La famille, les amis et la troupe de Maurice Béjart ont rendu un ultime hommage au chorégraphe franco-suisse hier après-midi à Lausanne. Une cérémonie chargée d'émotion a réuni plusieurs personnalités politiques ou artistiques.

Plus de 400 personnes se sont retrouvées à la salle Métropole, dont des directeurs de ballet, des imprésarios et d'anciens danseurs souvent venus de l'étranger. L'ambassadeur de France en Suisse Jean-Didier Roisin comme le président du Sénat belge Armand De Decker avaient fait le déplacement.

Le président du Comité international olympique Jacques Rogge, le directeur de l'Office fédéral de la culture Jean-Frédéric Jauslin ou le président du Conseil d'Etat vaudois Pascal Broulis étaient présents. Dans l'assistance figuraient l'accordéoniste française Yvette Horner ainsi que Santo Versace, frère du couturier italien assassiné Gianni Versace.

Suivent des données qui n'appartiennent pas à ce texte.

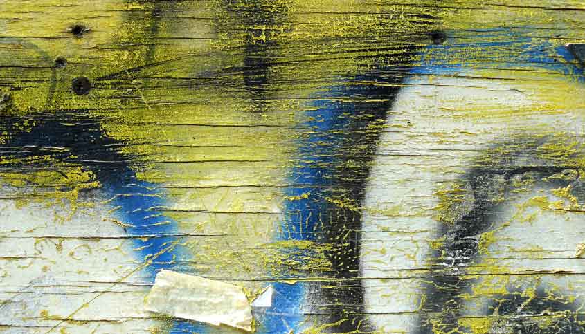 Some wood with graffiti on it and some kind of paper.

«Les Suisses perdent un ami et un ambassadeur dans le monde», a notamment dit le syndic de Lausanne Daniel Brélaz au début de la cérémonie. La salle a ensuite été plongée longuement dans l'obscurité alors qu'une musique grave et imposante s'élevait. Le grand rideau noir de la scène s'est ouvert, révélant le cercueil de Maurice Béjart sous une lumière crue.

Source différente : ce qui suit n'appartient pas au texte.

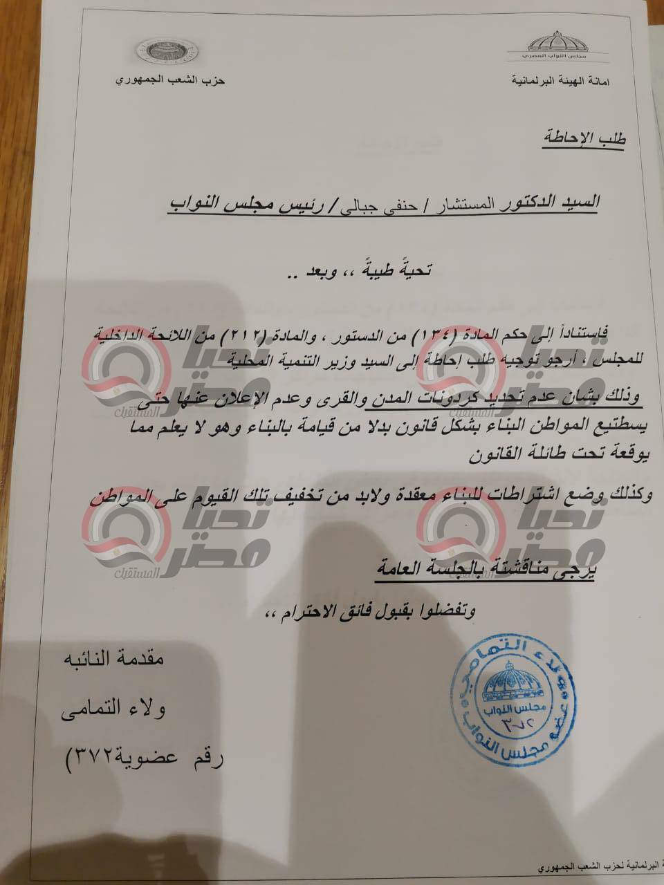 تقدمت النائبة ولاء التمامي عضو مجلس النواب، بطلب إحاطة للمستشار الدكتور حنفي جبالي رئيس مجلس النواب، موجة للدكتور اللواء محمود سيد عبد الحميد شعراوي، وزير التنمية المحلية ، علما بحكم المادة (134) من الدستور والمادة (212) من اللائحة الداخلية للمجلس.

Ami du défunt, le romancier belge François Weyergans a expliqué la raison de cette réunion dans un théâtre. «Sa seule religion était le théâtre qui lui permettait aussi d'accéder au sacré», a-t-il déclaré. Progressivement, l'éclairage a mis en valeur des objets placés de part et d'autre du cercueil, autant de symboles de la destinée de l'illustre chorégraphe.

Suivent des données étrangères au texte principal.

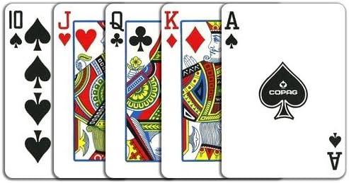Copag 100% Plastic Playing cards in two deck set. These Cards are part of the "Gold Line" and are manufactured in high-quality PVC. Internationally recognized for its exclusive formula which ensures a smooth handling. They are non-transparent, waterproof and highly durable. Card Size Bridge Standard Index 110 cards (2 decks of 52 cards + 4 jokers + 2 guarantee cards)

L'assistance a découvert une copie du fauteuil dans lequel Molière est mort sur scène, un tabouret de cuisine, un costume de clown, une statue de bouddha ayant appartenu à son père ou le fauteuil de scène de la chanteuse française Barbara. «Maurice avait une affection un peu incestueuse avec Barbara», a commenté le romancier.

François Weyergans a révélé que durant ses derniers jours Béjart songeait à un projet de ballet inspiré par Marlène Dietrich et Anton Tchekhov. «La chanson de Marlène Dietrich est la dernière musique qu'il a entendue.»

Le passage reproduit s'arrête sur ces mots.